HMGA1 directly interacts with TAR to modulate basal and Tat-dependent HIV transcription

Abstract

The transactivating response element (TAR) of human immunodeficiency virus 1 (HIV-1) is essential for promoter transactivation by the viral transactivator of transcription (Tat). The Tat-TAR interaction thereby recruits active positive transcription elongation factor b (P-TEFb) from its inactive, 7SK/HEXIM1-bound form, leading to efficient viral transcription. Here, we show that the 7SK RNA-associating chromatin regulator HMGA1 can specifically bind to the HIV-1 TAR element and that 7SK RNA can thereby compete with TAR. The HMGA1-binding interface of TAR is located within the binding site for Tat and other cellular activators, and we further provide evidence for competition between HMGA1 and Tat for TAR-binding. HMGA1 negatively influences the expression of a HIV-1 promoter-driven reporter in a TAR-dependent manner, both in the presence and in the absence of Tat.
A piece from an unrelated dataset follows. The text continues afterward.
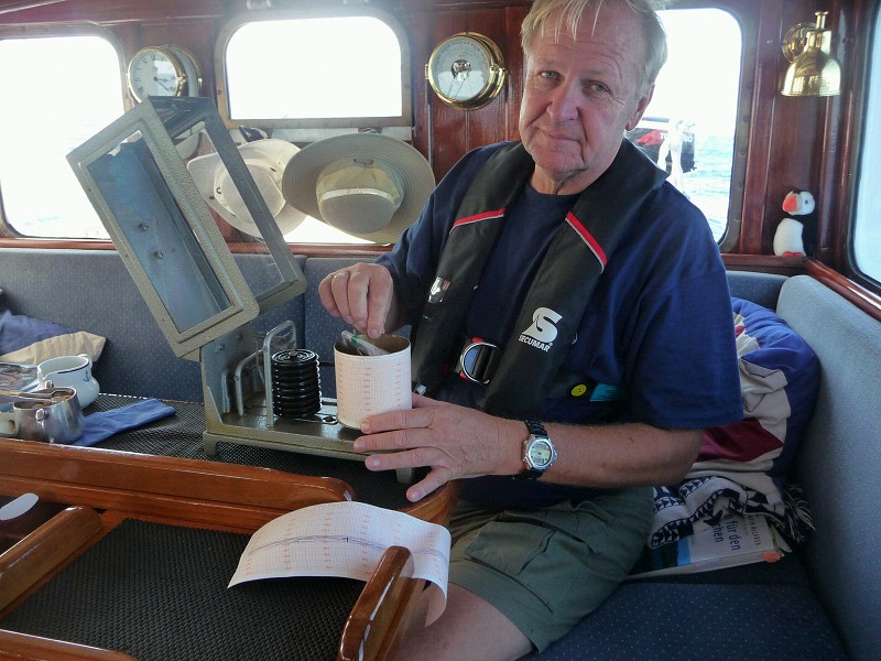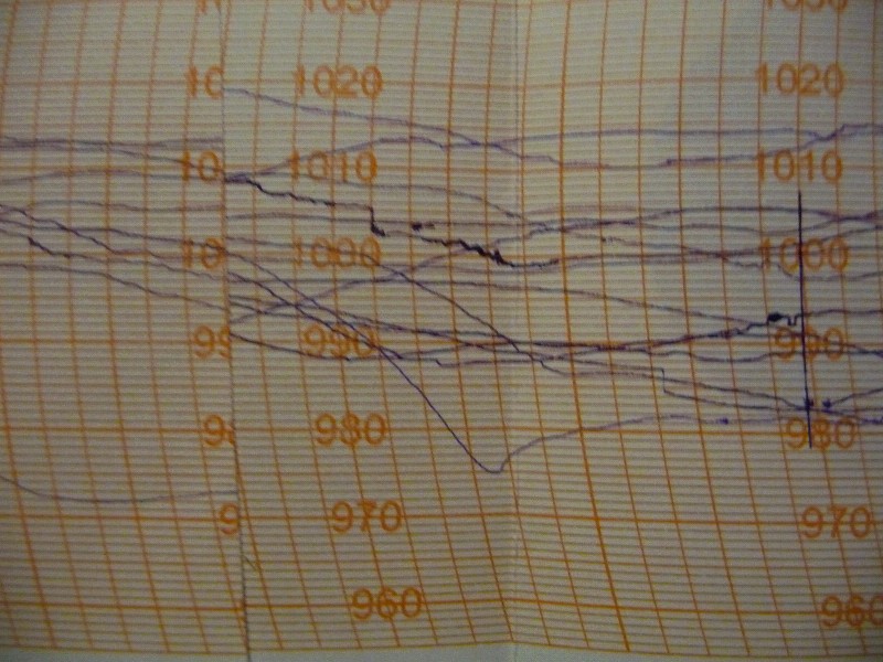 Serie über den Alltag an Bord. Heute: Barografenstreifen wechseln. Trotz aller Elektronik ist ein Barograf ein unentbehrliches Utensil an Bord. Ein guter Freund hat ihn uns geschenkt. Dieses Gerät schreibt mit einer Undrehung pro Woche die Veränderungen des Luftdrucks auf. Die Tendenzen lassen Rückschlüsse auf die Wetterentwicklung zu, warnen so vor nahenden Stürmen. Nach zwei oder drei Wochen bzw. Umdrehungen wechseln wir den Papierstreifen. Das zweite Bild zeigt einen steilen Zahn,den tiefsten Stand, den wir im letzten Jahr aufgezeichnet hatten. Da waren wir im Oktober in der Nordsee auf der Flucht vor einem Sturm, der prompt drei Stunden nach unserem Einlaufen nach Helgoland eintraf. Der steile Absturz des Druckes war ein sicheres Zeichen.

The overexpression of the HMGA1-binding substructure of 7SK RNA results in a TAR-dependent gain of HIV-1 promoter activity similar to the effect of the shRNA-mediated knockdown of HMGA1. Our results support a model in which the HMGA1/TAR interaction prevents the binding of transcription-activating cellular co-factors and Tat, subsequently leading to reduced HIV-1 transcription.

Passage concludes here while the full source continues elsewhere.